CS 753/853 Topics / Information Retrieval and Web Search

Note

This course will be managed on MyCourses and Piazza.

Overview

This course covers basic and advanced algorithms and techniques for Web search engines as well as text-based information retrieval in general.

After this course you will be able to develop your own web search engine or customize existing retrieval frameworks such as Apache Lucene. Every week we will carefully examine a different component of a web search engine system.

The course focuses on index building, query processing, and document ranking. We will further touch on text-based machine learning methods, such as classification and clustering, as well as crawling and link-based algorithms such as Google’s PageRank.

The course will cover several algorithms and data structures with application to web search, thereby building on CS 515 “Data Structures”. Both theoretical analyses of run-time performance as well as hands-on programming assignments and a class project are part of the course.
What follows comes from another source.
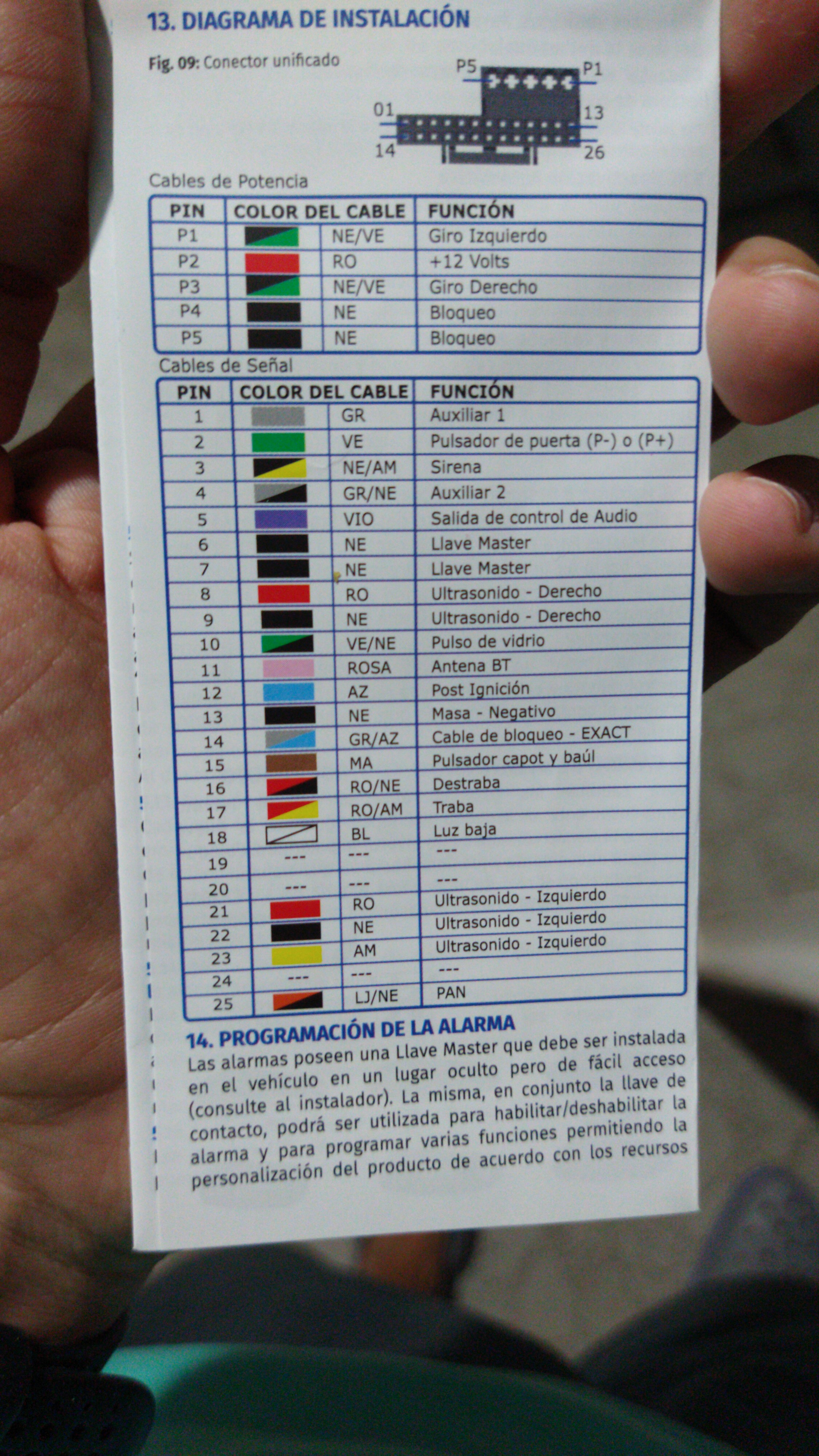 La alarma tiene dos cables rojo/negro destraba - rojo/amarillo traba, tiran una señal negativa. Por lo que investigado, la manera de vincularla seria por medio de la ficha de acción cierra/abre. Tendríamos, me incluyo, que extraerla y fijarnos con un tester o punta logica por donde tira la señal al modulo de cierre centralizado y si es negativa.

Information retrieval methods are an essential component in any text-based data analytics system, ranging from text mining and machine learning, to natural language processing and knowledge management applications.

Prerequisites: Data Structures (CS 515) or permission of instructor. Ability to independently write programs in either Java, Python, Haskell, or Scala.

Grading Policy

Your grade will be based on written exams (50%) and a project (50%). Note, that you need to obtain a passing grade in both the exam and the project to pass for this course!
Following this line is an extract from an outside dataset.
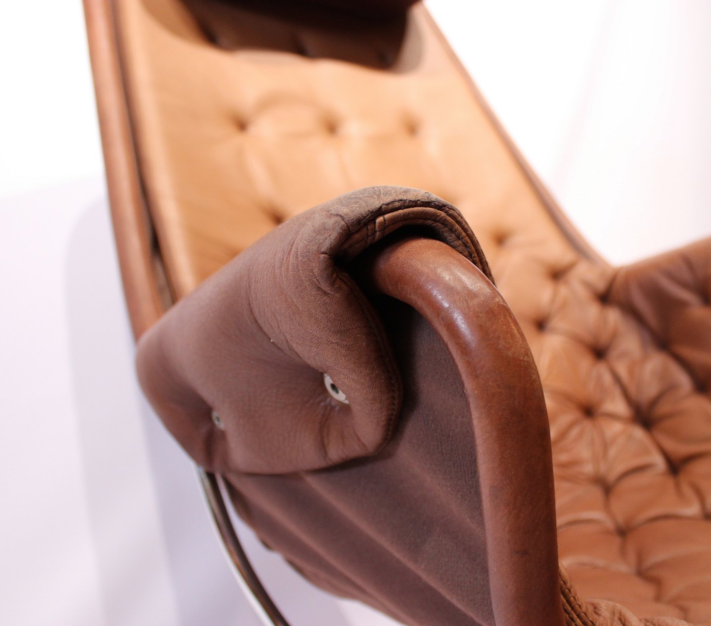 SoldEasy chair, model Jetson 69, originally upholstered in brown patinated leather designed by Bruno Mathsson in 1966 and manufactured by DUX in the 1960s.

The project will be carried out in teams of up to three people. The project will be implemented in a programming language of your choice. The projects need to be presented in class and will be graded based on a final report. It is necessary to document the individual contribution of each team member.

Both a midterm and a final exam will be offered, together constituting 50% of the final grade.

Bi-weekly homework assignments can be carried out in teams of up to three students. These assignments will graded on a pass-fail-excellent scale. A pass or excellent needs to be obtained on at least four (out of five) homework assignments in order to be eligible for participation in the final exam and submission of a final project report. Students with two or more excellents obtain an upgrade to the next higher letter grade (e.g., B- to B, or B+ to A-).

The same policy applies to both students taking the course as CS 753 and CS 853. Of course, expectations for students taking the course for graduate credits under CS 853 are higher.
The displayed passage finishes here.